COLLECTED DATA:
________________________

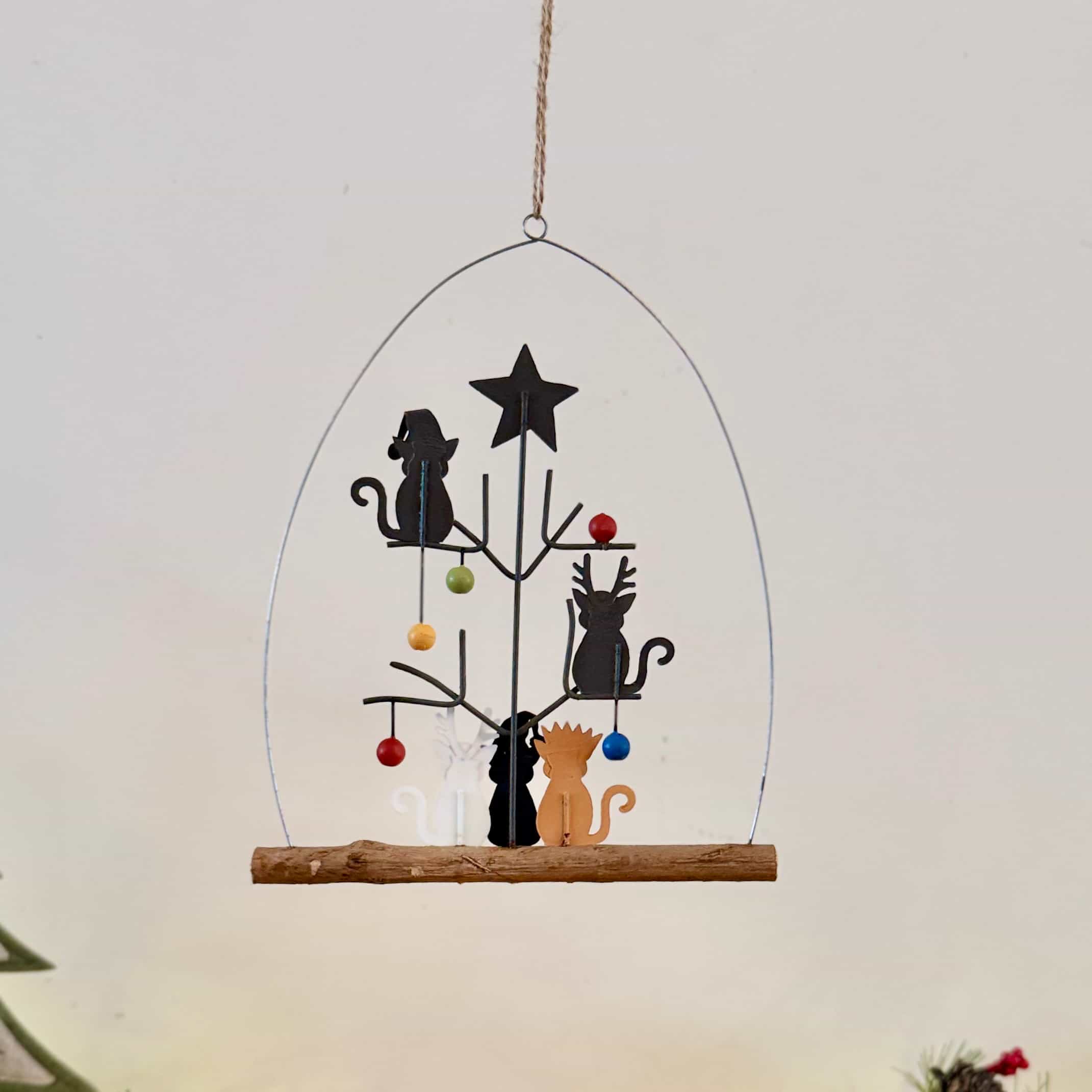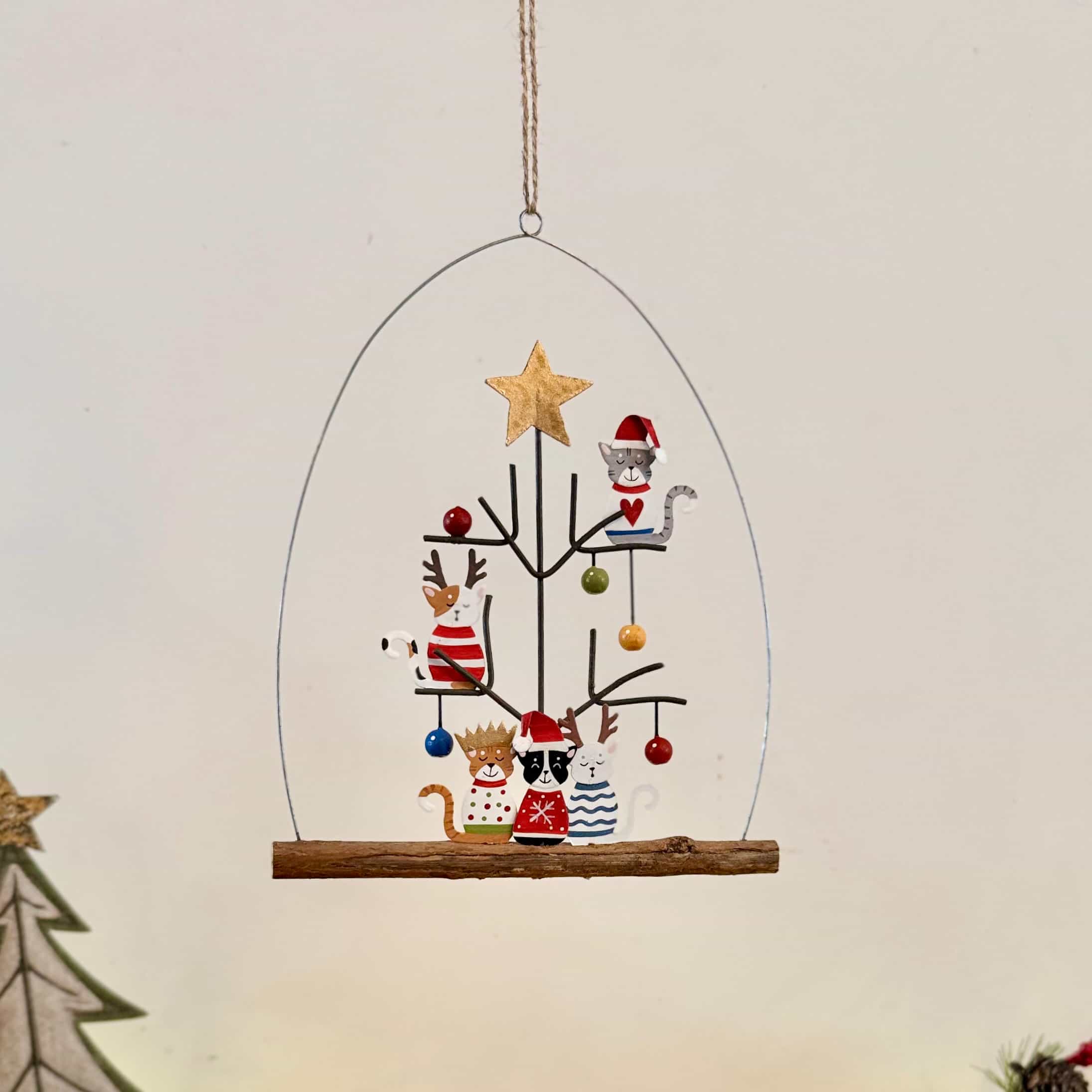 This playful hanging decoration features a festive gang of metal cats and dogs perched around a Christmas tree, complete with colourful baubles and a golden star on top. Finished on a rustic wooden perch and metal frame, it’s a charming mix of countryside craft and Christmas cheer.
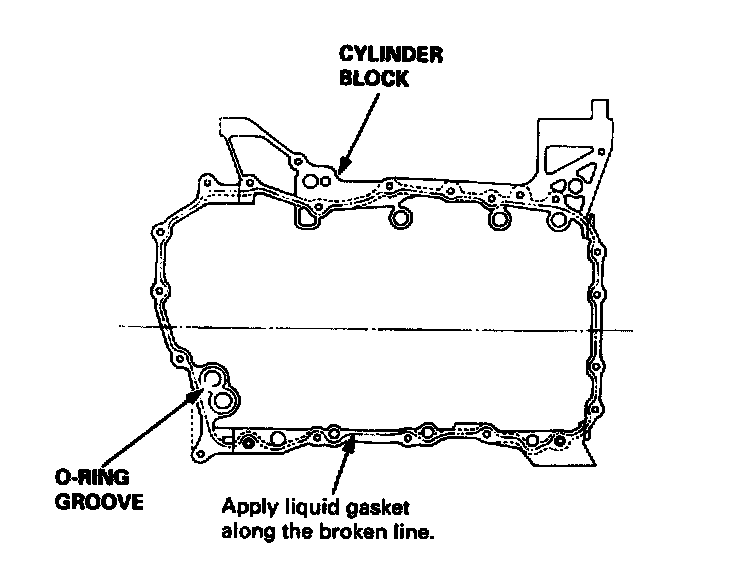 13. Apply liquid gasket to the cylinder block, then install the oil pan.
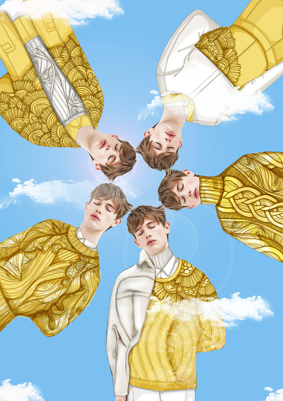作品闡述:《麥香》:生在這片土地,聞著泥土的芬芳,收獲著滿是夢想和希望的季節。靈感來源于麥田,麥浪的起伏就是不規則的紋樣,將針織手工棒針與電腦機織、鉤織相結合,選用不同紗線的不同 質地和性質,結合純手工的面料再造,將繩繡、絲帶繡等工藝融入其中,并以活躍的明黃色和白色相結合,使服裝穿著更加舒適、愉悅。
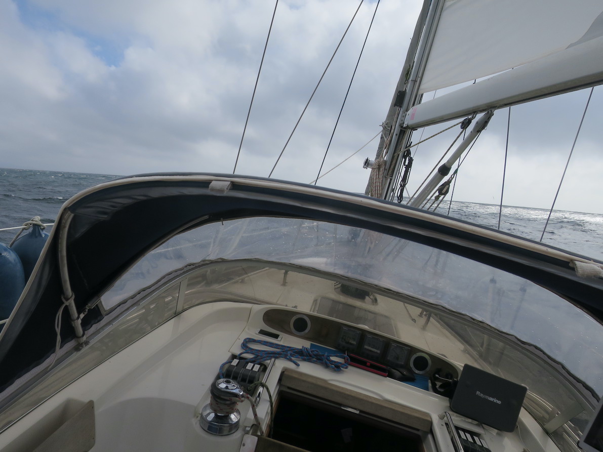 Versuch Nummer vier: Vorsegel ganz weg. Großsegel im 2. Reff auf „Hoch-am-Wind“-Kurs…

________________________

PROBLEM: Nothing but the pictures may be dropped; restate the material word for word.

WRITTEN ANSWER:
 This playful hanging decoration features a festive gang of metal cats and dogs perched around a Christmas tree, complete with colourful baubles and a golden star on top. Finished on a rustic wooden perch and metal frame, it’s a charming mix of countryside craft and Christmas cheer.
 13. Apply liquid gasket to the cylinder block, then install the oil pan.
作品闡述:《麥香》:生在這片土地,聞著泥土的芬芳,收獲著滿是夢想和希望的季節。靈感來源于麥田,麥浪的起伏就是不規則的紋樣,將針織手工棒針與電腦機織、鉤織相結合,選用不同紗線的不同 質地和性質,結合純手工的面料再造,將繩繡、絲帶繡等工藝融入其中,并以活躍的明黃色和白色相結合,使服裝穿著更加舒適、愉悅。
 Versuch Nummer vier: Vorsegel ganz weg. Großsegel im 2. Reff auf „Hoch-am-Wind“-Kurs…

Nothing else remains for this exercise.